YOUR INSTRUCTIONS —
Exact reproduction of the data is required, with images excluded.

DATA PROVIDED —
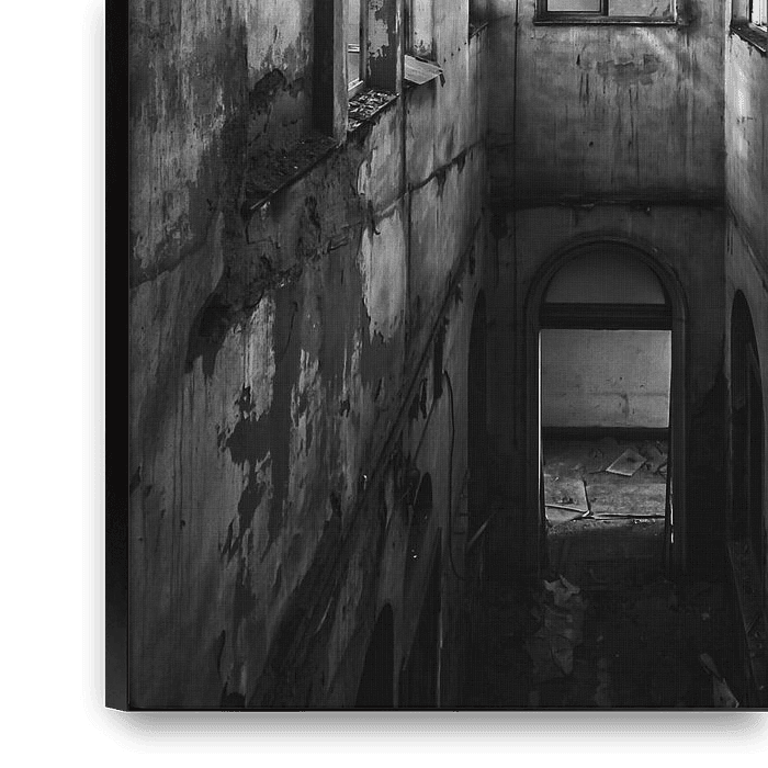 Eine schmale überdachte Gasse in einer großen verlassenen deutschen Villa.
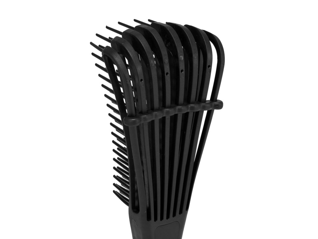 Hergestellt aus strapazierfähigem, flexiblem Kunststoff, entfernt es effektiv Verfilzungen und Verfilzungen. Das spezielle Design macht es einfach, selbst die verfilztsten Haare zu entwirren, und seine Flexibilität ermöglicht eine einfache Anpassung. Das skelettartige Design beschleunigt das Trocknen und schützt das Haar vor Überhitzung.
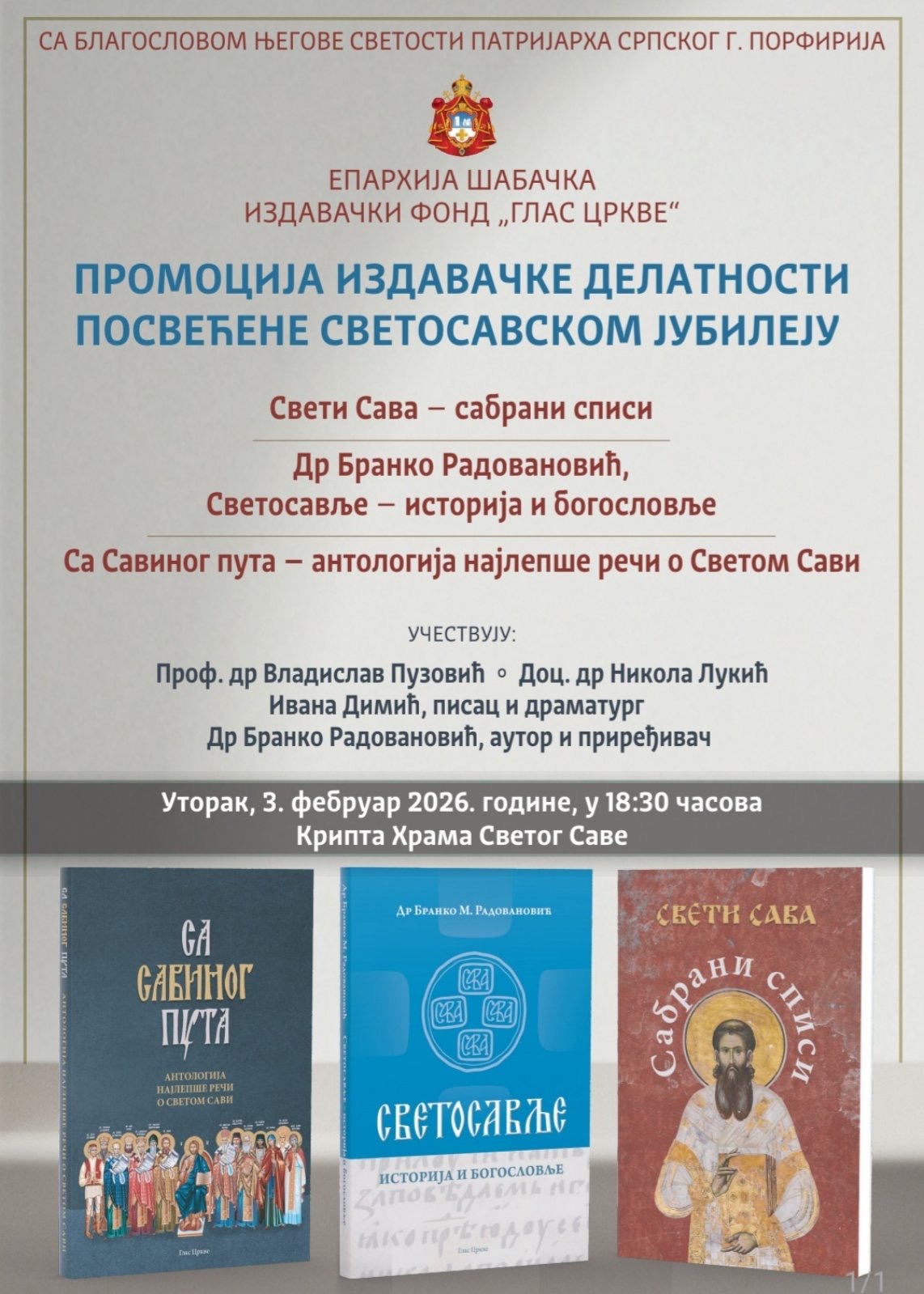 У Храму Светог Саве на Врачару, у суботу 31. јануара 2026. године, одржано је предавање архимандрита Рафаила (Бољевића) на тему…

EXPECTED ANSWER —
 Eine schmale überdachte Gasse in einer großen verlassenen deutschen Villa.
 Hergestellt aus strapazierfähigem, flexiblem Kunststoff, entfernt es effektiv Verfilzungen und Verfilzungen. Das spezielle Design macht es einfach, selbst die verfilztsten Haare zu entwirren, und seine Flexibilität ermöglicht eine einfache Anpassung. Das skelettartige Design beschleunigt das Trocknen und schützt das Haar vor Überhitzung.
 У Храму Светог Саве на Врачару, у суботу 31. јануара 2026. године, одржано је предавање архимандрита Рафаила (Бољевића) на тему…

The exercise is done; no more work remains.